The first thing we want to do is to determine what our sample looks like. Let's look at the gender of those participating in the survey (Q28), the GPA of the sample (Q25), and how they rate their overall experience at UT (Q2). That should give us a general idea about the respondents.

Descriptive Stats — Descriptives

There are two ways that SPSS will provide descriptive statistics. The first is to go under Analyze, then Descriptive Statistics and then Descriptives. You should see a display like the one in the figure below.

When you open this window, you should see a display that looks like the one below.

Getting descriptive statistics this way does not allow for us to get a frequency table, median or a mode, but it can provide some useful data. Send the three variables you want to analyze over to the right-hand column. You do this highlighted the variable names in the left-hand column and click on the arrow between the two columns. Then click "options." You will see a window something like the one below.

Click on the boxes for the mean, standard deviation, range, minimum and maximum. Make to unclick the other boxes if they're marked. Then click on "continue." That will bring you back the previous window. After you click on "OK" there, you should see output like that shown below.

Descriptive Statistics

N Range Minimum Maximum Mean Std. Deviation
q28 Gender 452 1.00 1.00 2.00 1.4912 .5005
q25 GPA 452 99.00 .00 99.00 19.9072 36.4455
q2 rate overall experience 452 4.00 1.00 5.00 2.4137 .7617
Valid N (listwise) 452




Notice first that we have 452 cases for each requested variable. The second column, range, gives the range of possible answers. The row that says "Valid cases listwise" indicates the number of valid cases for the variable that has the lowest number of them.

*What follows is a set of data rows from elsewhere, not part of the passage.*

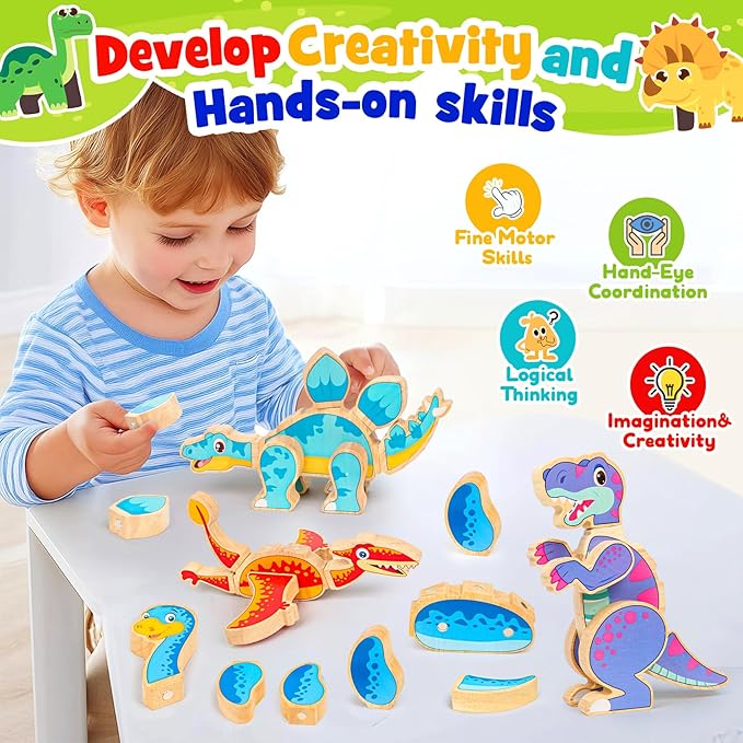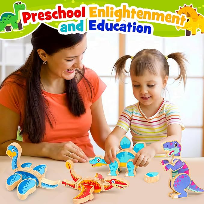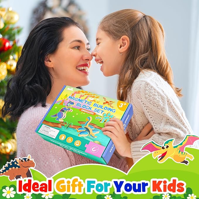 - Dinosaur Toys for Kids 3-5:Delight your kids with this magnetic wooden dinosaur building blocks toys set,designed for boys and girls aged 3-5. Vibrant colors and fun designs to spark their imagination,featuring colorful magnetic pieces that easily connect, kids can build and rebuild their favorite dinosaurs or create unique new creatures.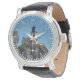 Uhr, Klassische Damenuhr mit schwarzen Lederarmband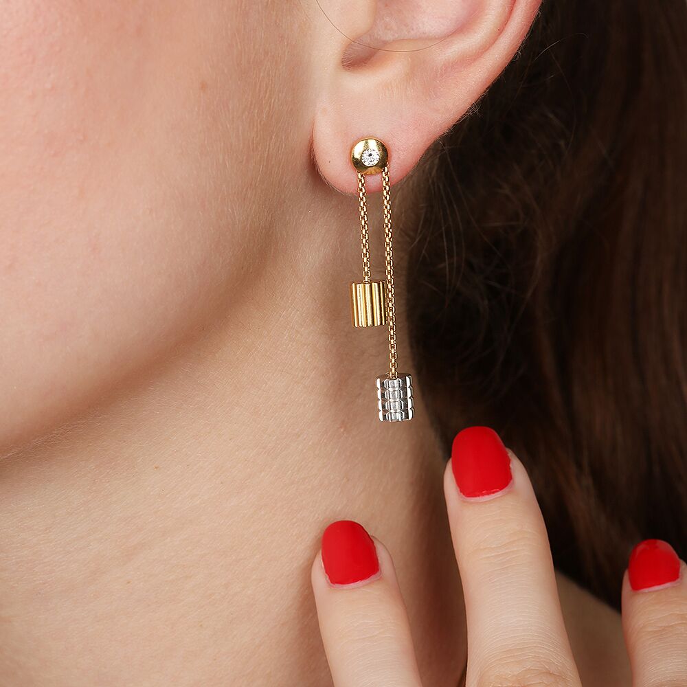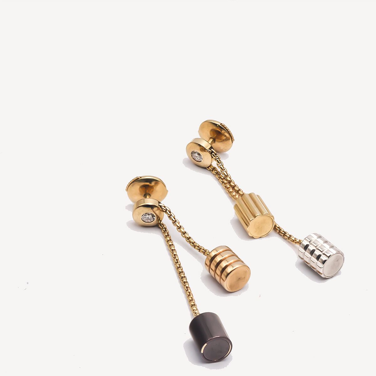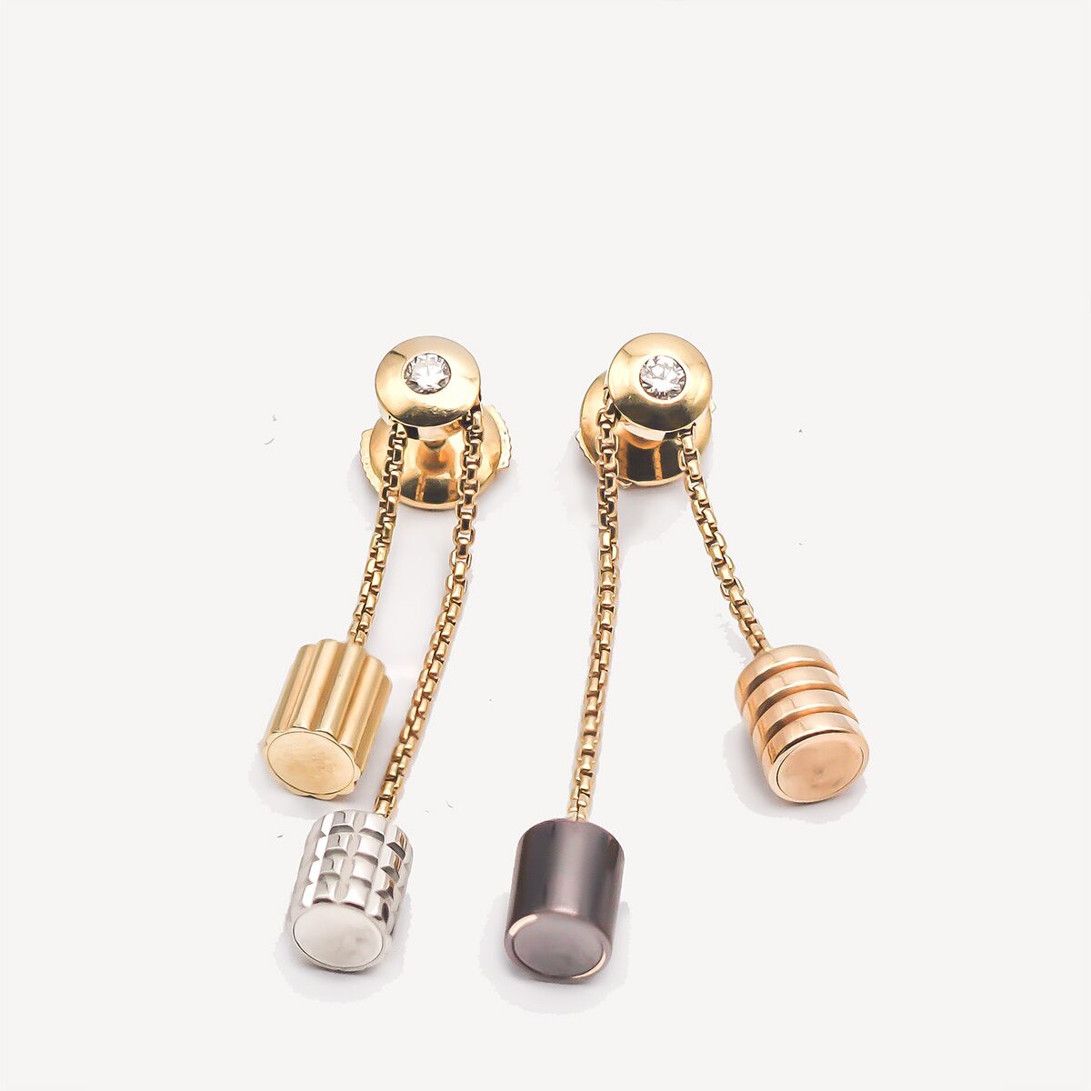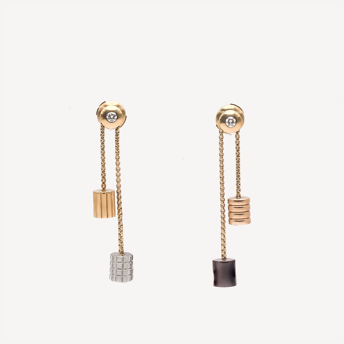 Paire de boucles d’oreilles Quatre de Boucheron en or jaune, en or rose, en or blanc, et en or chocolat.. Chaque pendant est composé d’une puce en or jaune habillé d’un diamant de taille brillant, à la quelle est attachée deux fines chaînes fantaisies terminées chacune par deux cylindres texturés en or jaune, or rose, or blanc et or chocolat : L’une avec un cylindre en or rose à motifs de godrons et un cylindre en or PVD chocolat lisse. L’autre avec un cylindre en or jaune à grosgrain et un cylindre en or blanc à pointes de diamants. Des boucles d’oreilles de seconde main trés féminines et iconiques de la marque Boucheron.

From this data we can possibly infer the level of measurement for the variables. Notice the range for gender is 1.00, indicating that is probably is a dichotomous variable. Of course, had we decided to code gender "1" for males and "6," the range would have been "5," but it's unlikely that we'd code things that way.

What's the level of measurement for these variables? We would have to turn to the codesheet to see the question wording and coding to be sure. However, the range for the GPA variable (99.00) indicates we may have to recode missing data since 99 is the code for "don't know/no answer".

Now let's look at the means., which you'll remember is the sum of the scores divided by the number of scores. To understand what the average signifies, we'll need to refer to the questions in the codesheet: for gender, 1=male and 2=female; for rating overall experience, 1=excellent, 2=very good, 3=good, 4=poor, 5=very poor and 6=don't know/no answer, which we code as 99 (what's the level of measurement for this variable?); and for GPA, any answer is accepted (what's the level of measurement for this variable?).

The mean gives us the average of the scores. Note for gender, the mean=1.49. (NOTICE: I rounded to the second significant digit). What does this tell us? Actually nothing. It's basically saying the mean is one and a half persons. This is just one example of why the mean is useless for nominal data. The correct measure of central tendency for nominal data is the mode.

The best way to describe a nominal level variable with a few catagories is to provide the frequency distribution, which is not provided in the descriptives menu. The frequency distribution is provided through the frequencies menu item, which indicates 50.9 percent male, 49.1 percent female. That's why we don't see the mode reported very often even though its technically the best measure of central tendency for nominal level measures.

For the rating overall experience, the mean is 2.41. This tells us the average response was between "very good" and "good", which indicates the average student has a favorable experience at UT. For GPA, however, the mean is 19.91, which we know is impossible because 4.0 is the highest anyone could have. This absurd average is an indication that missing variables have skewed the results as GPA.

Next, examine the standard deviation, which indicates how far the scores are from the mean. That is, a large standard deviation means that the scores are spead widely and a small standard deviate means they are clustered tightly around the mean.

If we have what statisticians call a normal distribution for our variable, approximately 66 percent of all cases will be within the first standard deviation above and below the means. The second standard deviation contains approximately 95 percent of all cases above and below the mean. The third standard deviation contains almost all of the cases.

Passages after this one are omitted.